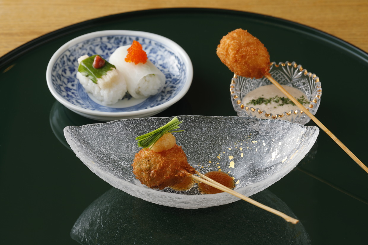 鶏のだしでコトコト、味を煮含ませた大根にパン粉を付けてラードと植物油の油で揚げる。ガラスの器に入っているのはなんとトリュフが香るクリームソース。玉ねぎに、舞茸や椎茸などのキノコをバターで炒めてしっかり旨みを引き出した上で、生クリームと合わせて煮詰め、仕上げにニンニク、トリュフ塩で調味。提供前にミキサーに掛けてふわっとカプチーノ状に。この串のためだけに仕込む手間入りのソース。せっかくなのでたっぷり纏わせて味わえば、まずパン粉の間にソースがよく絡み、コク深いキノコ風味が口いっぱいに広がった後にトリュフの香りが追いかける。これは間違いなくワイン! そしてフランス人のお客様が喜んで味わうというのも納得の味だ。一方、冬の旬魚・フグはというと、大根おろしに芽ねぎが乗った端正なビジュアル。下にだし醤油のジュレが添えてあり、こちらは日本の冬の醍醐味と感じさせる味の振り幅だ。
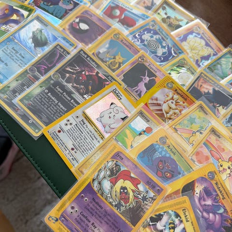 Lillebror og jeg har gravd fram vår barndoms samling med pokemonkort og ønsker nå å selge. Kortene kommer i alle forskjellige tilstander — alt fra NM til damaged, og enkelte kort har vi opptil flere av.
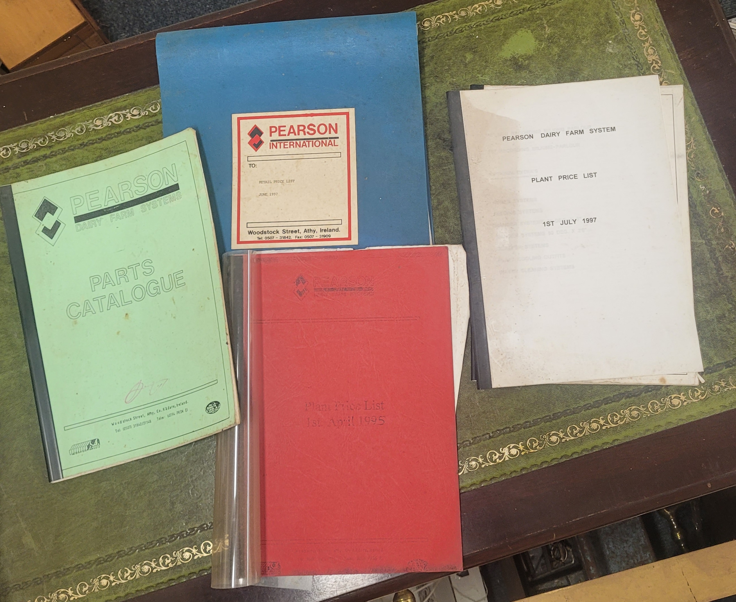 a collection on manuals from Pearson International - Parts Catalogue and price list
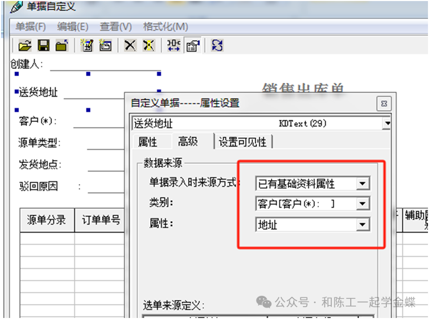 再举个例子:销售出库单上要体现客户的地址,新增单据头字体,名称设置地址,字段类型选择字符串,高级里面,单据录入来源方式已有基础资料属性,类别客户,属性地址,这样就会取基础资料中客户资料里面的地址
=-=-=
**YOUR ASSIGNMENT:** Once the pictures are set aside, give the rest of the listing again exactly.

**THE COMPLETED TASK:**
 鶏のだしでコトコト、味を煮含ませた大根にパン粉を付けてラードと植物油の油で揚げる。ガラスの器に入っているのはなんとトリュフが香るクリームソース。玉ねぎに、舞茸や椎茸などのキノコをバターで炒めてしっかり旨みを引き出した上で、生クリームと合わせて煮詰め、仕上げにニンニク、トリュフ塩で調味。提供前にミキサーに掛けてふわっとカプチーノ状に。この串のためだけに仕込む手間入りのソース。せっかくなのでたっぷり纏わせて味わえば、まずパン粉の間にソースがよく絡み、コク深いキノコ風味が口いっぱいに広がった後にトリュフの香りが追いかける。これは間違いなくワイン! そしてフランス人のお客様が喜んで味わうというのも納得の味だ。一方、冬の旬魚・フグはというと、大根おろしに芽ねぎが乗った端正なビジュアル。下にだし醤油のジュレが添えてあり、こちらは日本の冬の醍醐味と感じさせる味の振り幅だ。
 Lillebror og jeg har gravd fram vår barndoms samling med pokemonkort og ønsker nå å selge. Kortene kommer i alle forskjellige tilstander — alt fra NM til damaged, og enkelte kort har vi opptil flere av.
 a collection on manuals from Pearson International - Parts Catalogue and price list
 再举个例子:销售出库单上要体现客户的地址,新增单据头字体,名称设置地址,字段类型选择字符串,高级里面,单据录入来源方式已有基础资料属性,类别客户,属性地址,这样就会取基础资料中客户资料里面的地址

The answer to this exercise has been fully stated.